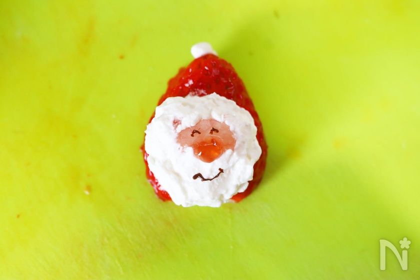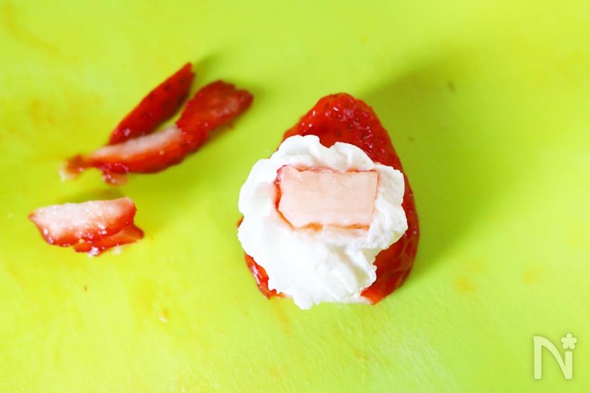 (8) 苺の中の白い部分を長方形に小さく切って、クリームに軽く押しつけるようにしてつける。(サンタの顔の部分になります。)
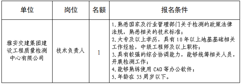 根據(jù)發(fā)展需要,決定面向社會公開招聘雅安市交通建設(shè)(集團)有限責任公司(以下簡稱“雅安交建集團”)所屬子公司工作人員1名,現(xiàn)將有關(guān)事項公告如下:
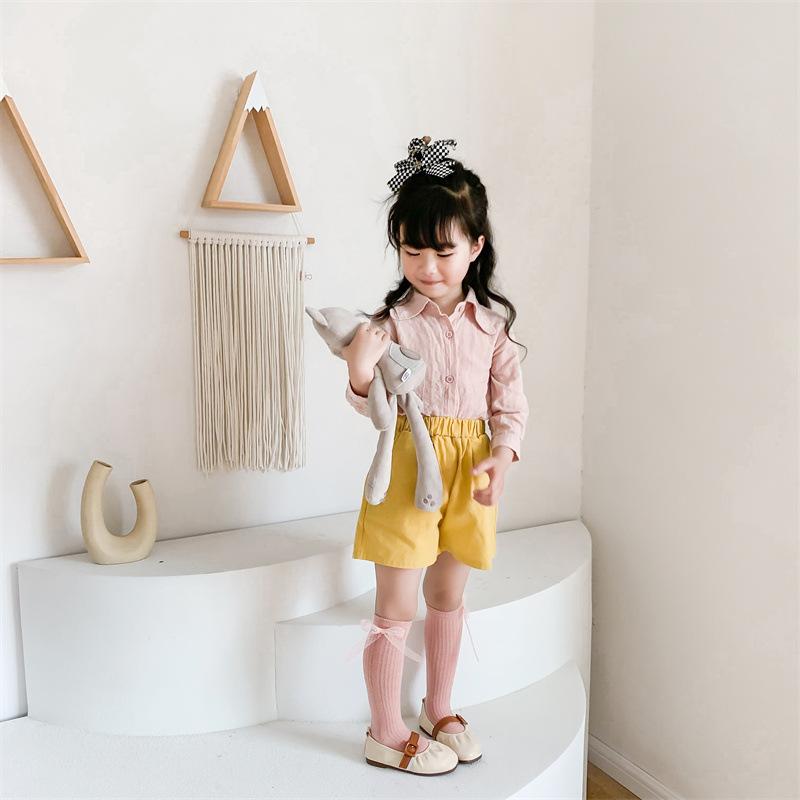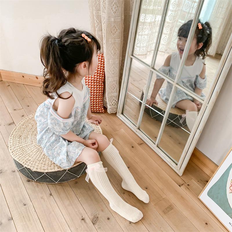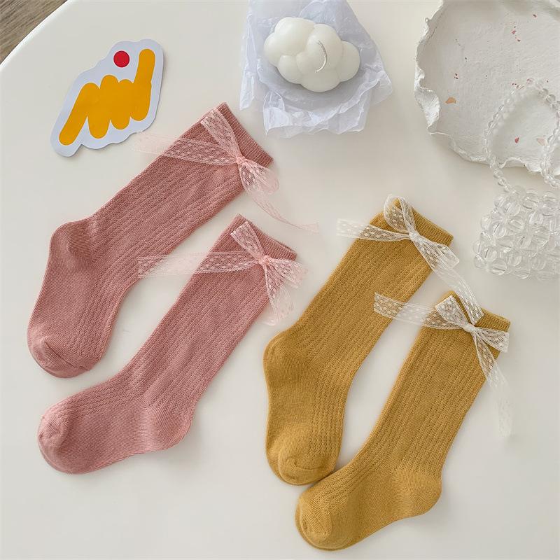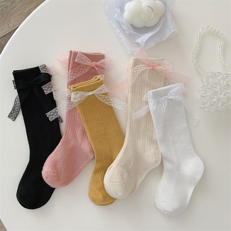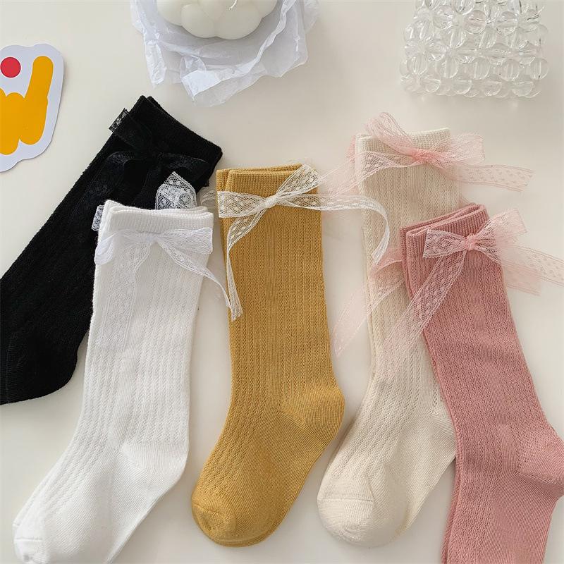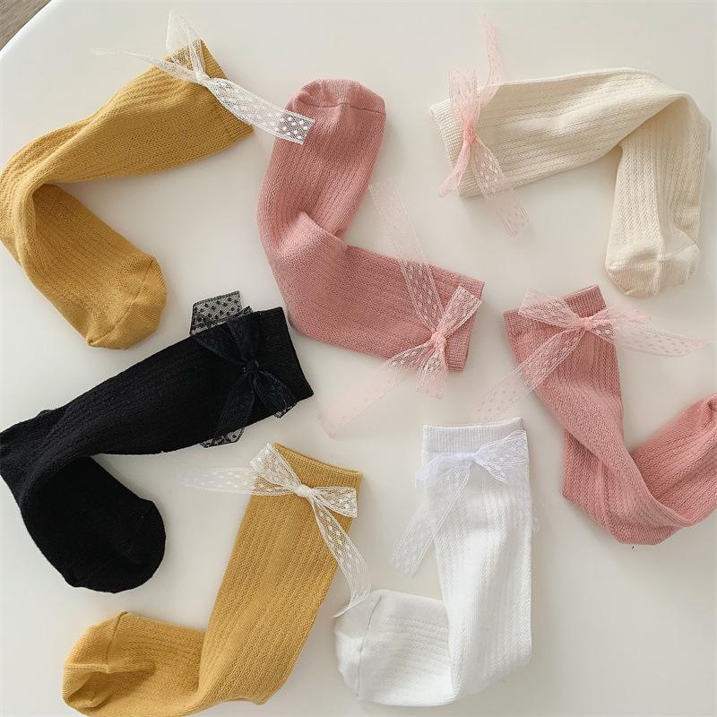 Calcetines finos de algodón para niñas, de primavera y verano, de longitud media, con lazo de princesa
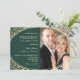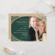 Luxe, moderne, déco, élégante faire-part de mariage vert émeraude avec cadre vintage or et photo de mariée et mariée.
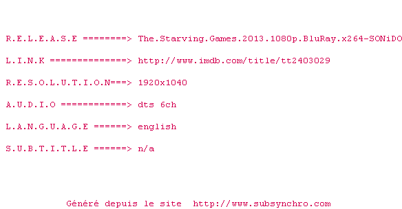tsg_1080_son.srt Ajouté par Hurukan Ajoute le 19-12-2013 16:43:59 Format : SRT Italique : Oui Taille : 0.00Ko Telechargement : 63 Sous-titre Extrait d'un DVD Z1 Ajouter cette release à ma collection en cas de telechargement des sous-titres 0 0 0 Telecharger le ZiP contenant NFO, Affiche, Sous-titre (*.srt) Commentez le fichier tsg_1080_son.srt Commentez le fichier tsg_1080_son.srt Commentez ce fichier Le fichier 2642-1387467839.srt n'existe pas ! Telechargez le RSS « Fichier de la release The.Starving.Games.2013.1080p.BluRay.x264-SONiDO » Retour au film « The Starving Games »
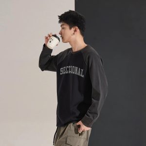 Be the first to review “Autumn Men’s Long-sleeved T-shirt Top Men’s Crewneck Front Chest Text Printed Raglan Sleeves”
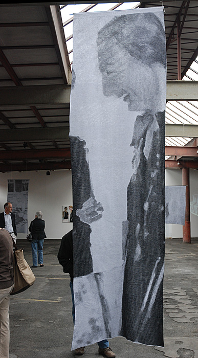Wie stricke ich ein Selbst? Die Antwort hing frei im Raum einer alten Industriehalle als großes lichtdurchlässiges Strickbild, mit dem Titel Proberaum Selbst. Marion und die Marionetten. Von zwei Seiten zu betrachten, spiegelbildlich, einmal positiv und einmal negativ, seitenverkehrt. 24 x Selbst ist die Strickerei aus dem Jahr 2008 betitelt. 6 x Selbst ging voraus. Diese Arbeit habe ich gesehen, bevor ich die Malerin zum ersten Mal treffen sollte. Sie war schon vor ihrem Erscheinen da.
= = = =
- PROBLEM DETAILS: Although the records above contain pictures, the copy must not; set down exactly the lines from the one with "tsg_1080_son.srt Ajouté par" up to and including the one with "Be the first".

- WORKED SOLUTION:
tsg_1080_son.srt Ajouté par Hurukan Ajoute le 19-12-2013 16:43:59 Format : SRT Italique : Oui Taille : 0.00Ko Telechargement : 63 Sous-titre Extrait d'un DVD Z1 Ajouter cette release à ma collection en cas de telechargement des sous-titres 0 0 0 Telecharger le ZiP contenant NFO, Affiche, Sous-titre (*.srt) Commentez le fichier tsg_1080_son.srt Commentez le fichier tsg_1080_son.srt Commentez ce fichier Le fichier 2642-1387467839.srt n'existe pas ! Telechargez le RSS « Fichier de la release The.Starving.Games.2013.1080p.BluRay.x264-SONiDO » Retour au film « The Starving Games »
 Be the first to review “Autumn Men’s Long-sleeved T-shirt Top Men’s Crewneck Front Chest Text Printed Raglan Sleeves”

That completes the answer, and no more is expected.